In The Journal of Unitarian Universalist History you can also find a great essay about the historical circumstances of the sermon by Dr Lovas Borbala, a historian who specializes in the Unitarian sermonic literature of the XVIth century,

In this sermon you look through a window into late XVIth century Transylvania, and hear the words of a contemporary of Shakespeare.  So, sit back, relax, allow your time machine to take you back to around 1597, and enjoy this gem of a sermon, available the first time in English.

Translated Sermon #26: With God, in the Service of Mankind by Szabó Dezső

For full text go to the menu on top of the UnitarianTorch home page, click on Translated Transylvanian Unitarian Sermons line, and then click on the title: SermonWithGodintheServiceofMankind.

Summary of sermon: This sermon was written in 1971.   The sermon is urging us to follow the command of Jesus to the disciples in Mark 10: 42-44, and dedicate our lives to the service of everyone. The author passes down to us the flame of commitment to service.  The circumstances of the writer of this sermon is also something to think about.  Szabó Dezső was an ordained unitarian minister in the village of Nagyajta until 1959, when he was arrested on charges that he committed acts that challenged the ruling communist order. He was sentenced to 20 years of prison.  He received amnesty, and then he eventually became a minister in Kolozsvár.   It is a magnificent expression of dignity, and following the ideal of Jesus when Szabó Dezső responds with the words of this sermon to the monumental injustice perpetrated on him. His grandson, Korodi Alpár, is a teacher of history in the János Zsigmond Unitárius Kollegium (Unitarian High School) in Kolozsvár.  The Nagyajta Unitárius Egyházközség is partnering with the First Unitarian Society of Madison, Wisconsin.

Translated Sermon #25: Turning Toward God by Tódor Csaba

For full text go to the menu on top of the UnitarianTorch home page, click on Translated Transylvanian Unitarian Sermons line, and then click on the title: SermonTurningTowardGod.
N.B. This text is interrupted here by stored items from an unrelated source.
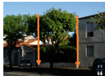
Avant Jardin en bordure de rue

Exemple de la densification d'une dent creuse en milieu urbain dense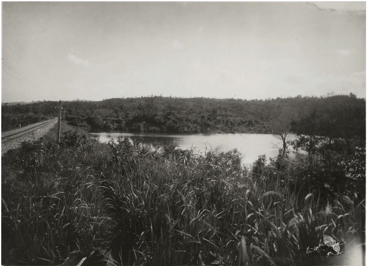
LAC ARTIFICIEL DU P. K. 178+420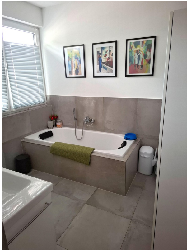
OG - Vollbad en suite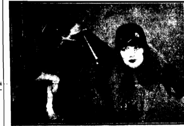
Dog artystki filmowej Mildred Davis, żony Harolda Lloyd'a, jest tak wytresowany, że bierze w pysk tubę reżysera i szczeka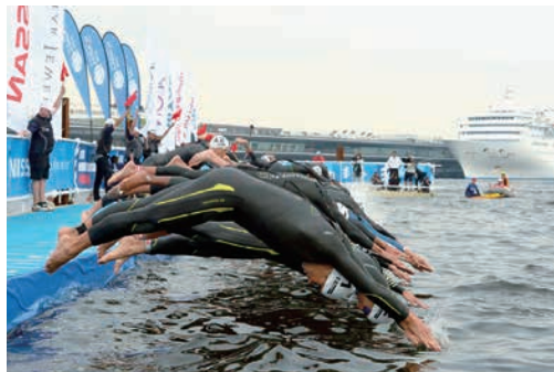
ITU世界トライアスロンシリーズ横浜大会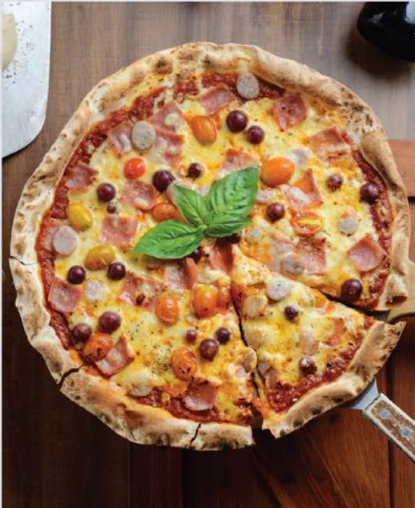
PB Special Pizza - Grape, Italian Sausage, Tomato, Ham, and Basil. 420.-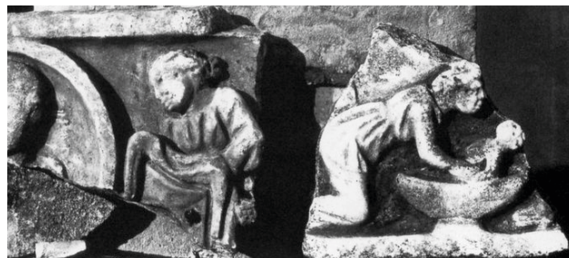
Fig. 4. Fragment de sarcophage en marbre. Rome, Catacombe Prétexte, Musée, Inv. 315. Fin du III e s. ap. J.-C. D'après AMEDICK 1991, cat. 142, pl. 61,8.

du sarcophage du musée Chiaramonti (fig. 8) [11] : à genoux, il tourne le dos à la femme qui semble être en train de lui frotter les cuisses.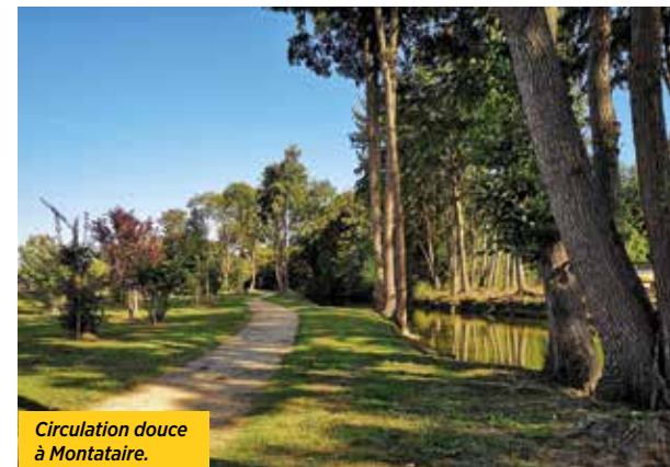
Circulation douce à Montataire.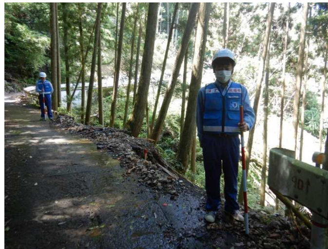
⑤村道 柚木川内日当線 現地調査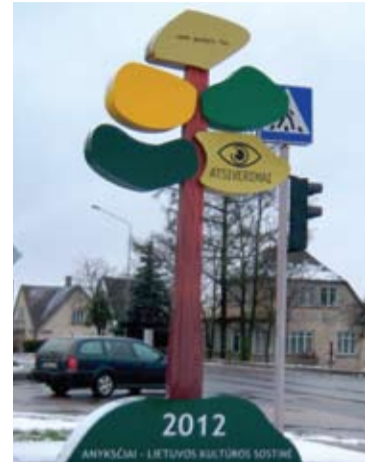
2012 metais Anykščiams tapus Lietuvos kultūros sostine, mieste buvo įrengti apie šį titulą bylojantys ženklai, bet jų jau seniai nebelikę.

„Labai liūdna, kai skiriami mokesčių mokėtojų pinigai skirtam seminarui dėl pasirengimo tapti kultūros sostine, kur buvo naudojamos lėšos: patalpų nuomai, maistui, renginio reprezentacijai, savivaldybės darbuotojų užmokesčiui. Rengiamas toks renginys, skiriamos savivaldybės lėšos be jokio aiškaus plano. Vėliau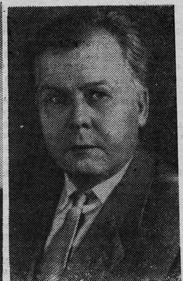
ская — не водица» — роман, «Большая родня» — роман.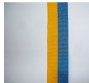
Белорусская. Выложена буквой...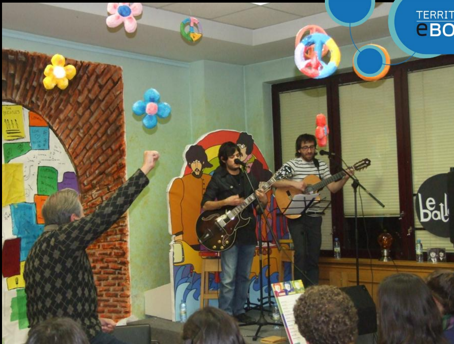
Más música de los Beatles para emocionarnos

Summary of sermon: The sermon was written in 2009.   The sermon interprets the meeting between Jesus and Nicodemus as described in the Book of John, Chapter 3, verses 2-10; it encourages us to go the extra mile, to turn toward God, and to become someone who is born of the Spirit.    Tódor Csaba is an ordained Transylvanian unitarian minister serving at the Székelykeresztúr church.  They are partnered with the First Parish in Concord, Massachusetts.    Tódor Csaba was a Starr King School of Ministry Balazs scholar in 2004-2004. He is a contributor to the practical theology booklets titled Unitárius Szószék.